Thanksgiving Then and Now: Should We Celebrate?

Thanksgiving, which was only a few short weeks ago now, is a holiday that has a history wrought with bloodshed and, like all good mistakes, was immediately covered up with patriotic propaganda. 

The story goes as such: Pilgrims were struggling to live off their newly taken land and co-exist, in some fashion, with the native Wampanog tribe. The two groups didn’t get along very well, which was not always the case; when settlers initially arrived, relations between the tribe and the Pilgrims were very good. 

But this all changed when the Pilgrims started to expand their land into Wampanog territory and showed no signs of stopping. The Wampanog tribe, none too happy with this course of action, fought back. The Pilgrims responded by massacring hundreds of natives. 

In 1637, Thanksgiving was held for the first time in the New World by Massachusetts colony governor John Winthrop to celebrate the massacre of over 700 members of the Pequoit tribe. The holiday, far from being a cry for peace, was built upon a celebration of murder and colonization. 

People have forgotten that we, Americans, the dominant people of this state, were the original immigrants. We came from England, fleeing religious persecution and threat of violence, as many immigrants do today. 

And yet, we turn a blind eye to our own reflection out of a sense of fear. In trying to rid ourselves of persecution, we persecute others freely. We have become the bully that we so feared those hundreds of years ago. 

We sit around the table, eating with our family and trying to remain at peace. Perhaps that’s where the notion of the peace at the first Thanksgiving dinner comes from – we’re trying to broker our own, so our ancestors must have done the same. 

The first mistake is in thinking that they were the same as us. We have become so blinded by nostalgia and patriotism that we champion false ideals.

So, the question is: what can we do to fix this? How can we move past the tragedy of what was to build a better tomorrow?

The short answer is that we already are.

Through acknowledging our past and attempting to atone for the mistakes we have made, we’re already distancing ourselves from our violent ancestors and carving out a new path for ourselves. 

The biggest example of this is the resolution to the “Dakota 38” case. In 1862, 38 Dakota men were hanged for crimes against settlers on the orders of President Abraham Lincoln. The corpses were then cut down and buried in a mass grave soon after. 

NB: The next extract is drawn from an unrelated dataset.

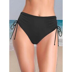 🆕Women’s Black Nylon High Waisted Bikini Bottoms Ruched Tummy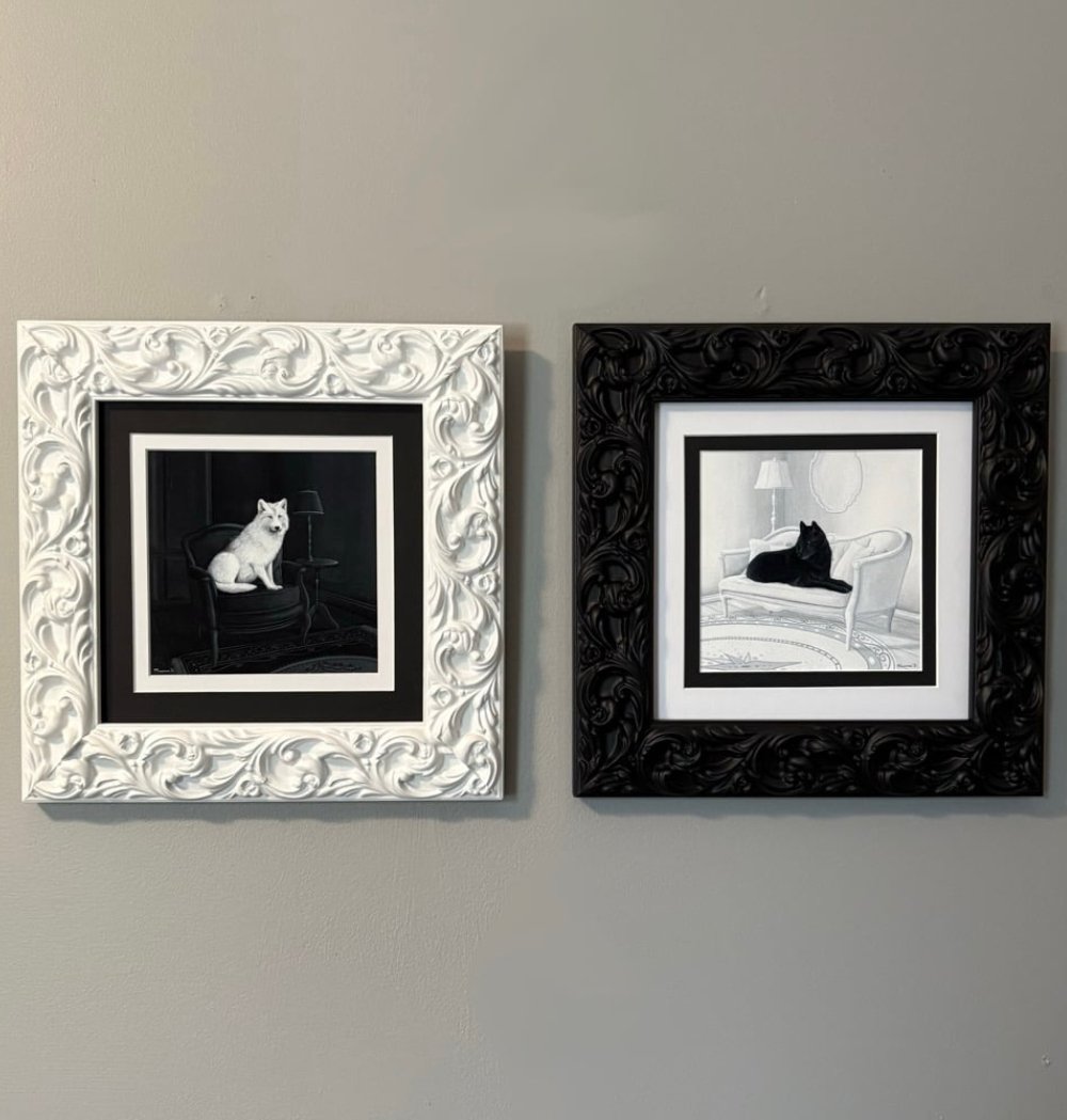 These paintings feature the white arctic wolf and the black wolf in rooms contrasting their natural colouring, to emphasize their beauty.

Unfortunately, W.W. Mayo, one of the members of the Mayo Clinic, happened upon the grave and dug up the corpse of Dakota leader Marpiya te najin for clinical study. The skeleton was then hung in the clinic itself before being shoved unceremoniously in a closet to waste away. 

However, in 2018, a representative of the same clinic offered an official apology towards his descendants and set up a scholarship in Marpiya’s name two months before Thanksgiving. The Mayo Clinic could have just stopped at an apology, but they went above and beyond through creating the scholarship. This shows an honest effort to atone for the sins of the past and open the door for communication in the future.

Thanksgiving has a torrid past, but a bright future ahead of it, thanks to the representations we have placed upon it. It brings people together with things like dinners, parties, and the Macy’s Thanksgiving Day Parade. It allows people to get together and celebrate their similarities, putting away the past and moving into a brighter future for all. So, rather than rushing past it and moving into the Christmas season, we should take a quiet moment and celebrate how far we, as a nation, have come.